I think it is a final order in the context of this Court's holding in the Cohen case, that it is a... under the collateral order doctrine, it finally determines a disputed issue between the parties, it's an important issue that doesn't go to the merits of the controversy, and would be unreviewable on appeal.

John Paul Stevens:

But your theory is it's a collateral order under Cohen?

That's--

Steven D. Cundra:

Yes, Justice.

Ruth Bader Ginsburg:

--And you have... you're relying on the Third Circuit Pacor case for that preliminary... for how you characterize this as a Cohen v.

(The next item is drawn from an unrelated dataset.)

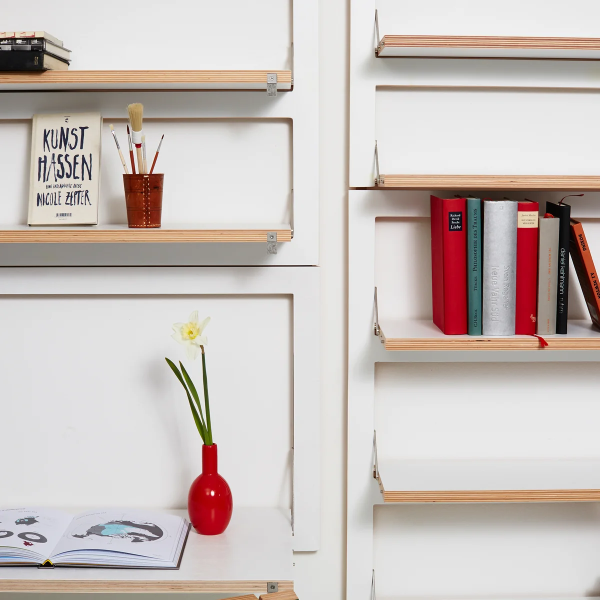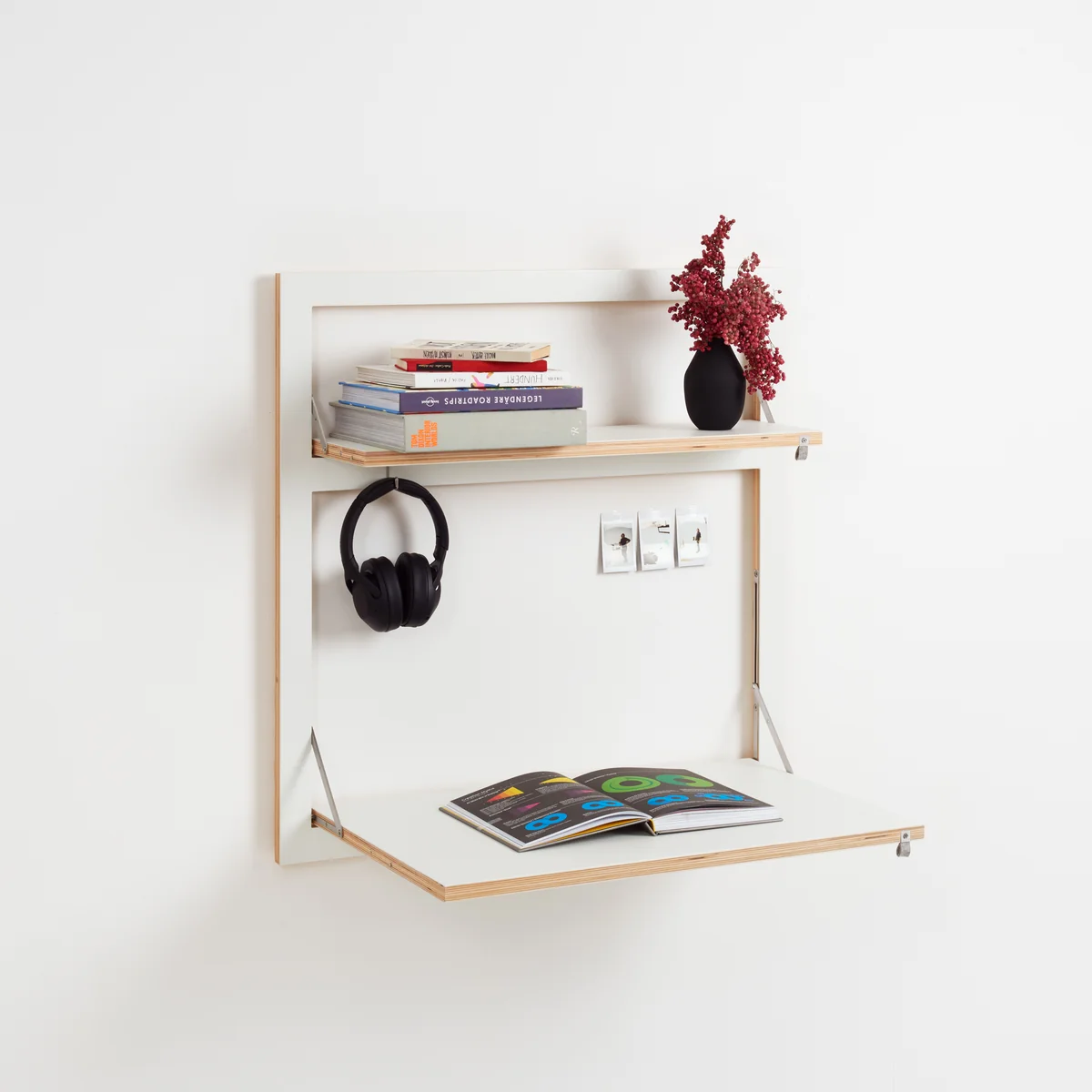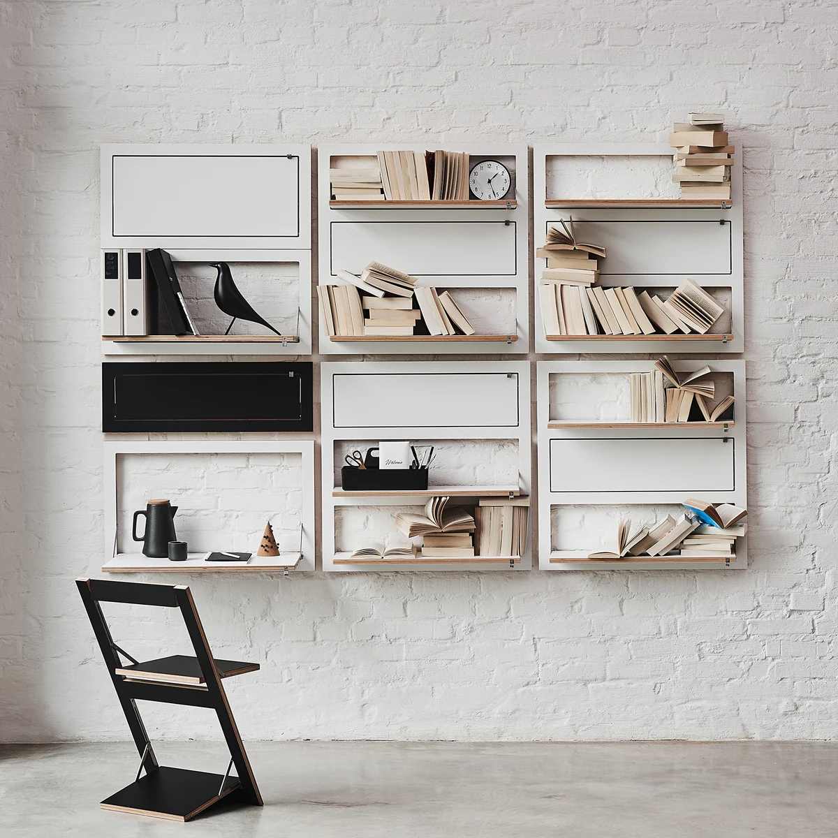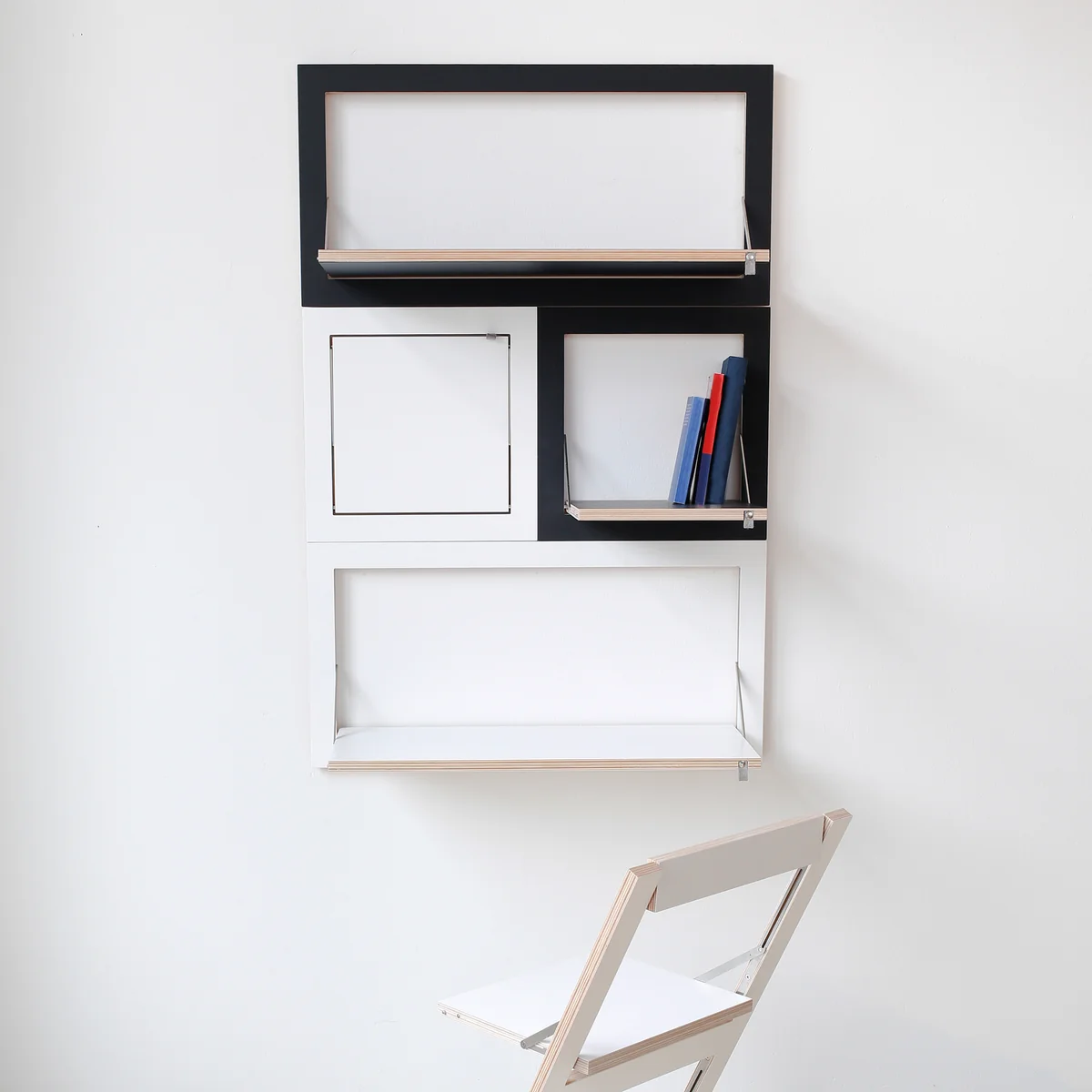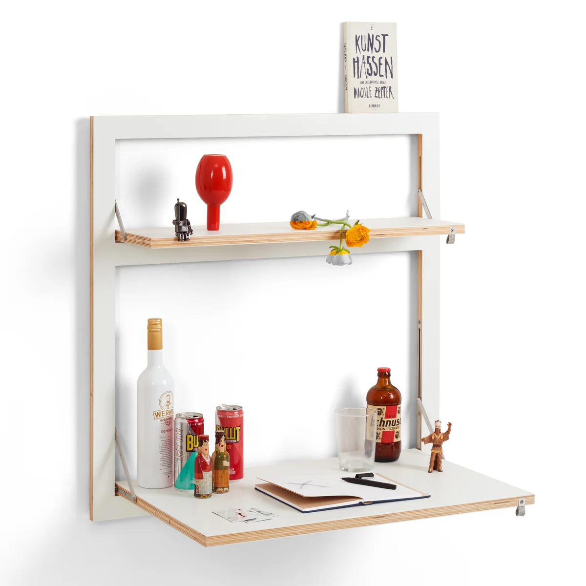 Fläpps Le secrétaire/in de Ambivalenz est un secrétaire mural fonctionnel et peu encombrant qui se déplie. Monté à n'importe quelle hauteur et donc utilisable comme place assise ou debout, le secrétaire mural séduit, une fois replié, par sa profondeur extrêmement faible de seulement 3 cm. Déplié, le secrétaire devient un véritable talent multifonctionnel. Fläpps Le secrétaire peut être utilisé comme bureau, table à manger, table de bricolage et bien plus encore.

Beneficial--

Steven D. Cundra:

Yes, Justice.

I believe there are other cases which address that issue as well.

Ruth Bader Ginsburg:

--Can you explain to me what sense it would make to say that, in general, removal is not reviewable at all, then we know Congress wanted to take into account a different... to make the remand larger rather than smaller, and then to say... and for that larger, no review but for what was always understood never to be reviewable, suddenly in the bankruptcy context it's reviewable?

What possible sense does that reading make?

Steven D. Cundra:

One has to consider the context.

The context is the Bankruptcy Reform Act of 1978.

Prior to 1978, this country's bankruptcy jurisdiction was extremely limited.

The only jurisdiction of the bankruptcy court was that referees in bankruptcy who had the jurisdiction, which was called summary jurisdiction, which was only property in the actual or constructive possession of the court.

There was also plenary jurisdiction, but it was only by consent.

In 1978, Congress determined that the Bankruptcy Act was not being effectively administered... Chapter 11 cases, what are now Chapter 11 cases were not being effectively administered, and it passed a brand new statute with a very broad jurisdiction over all cases arising in, arising under, or related to a bankruptcy case.

And Congress determined that in order to be effective it had to grab all litigation in whatever court, Federal, State, or tribal, and bring it into one central forum so that the bankruptcy court could adjudicate the estate of the debtor and adjudicate in a fair manner consistent with the interests of all creditors, not just the two private litigants, and it created the central forum.

It created a new court which ultimately the delegation of power was so great to an Article I court this Court struck down that statute, or had it amended in the Northern Pipeline and Marathon decision.

But that's what justified the broad jurisdiction to get all matters before one court.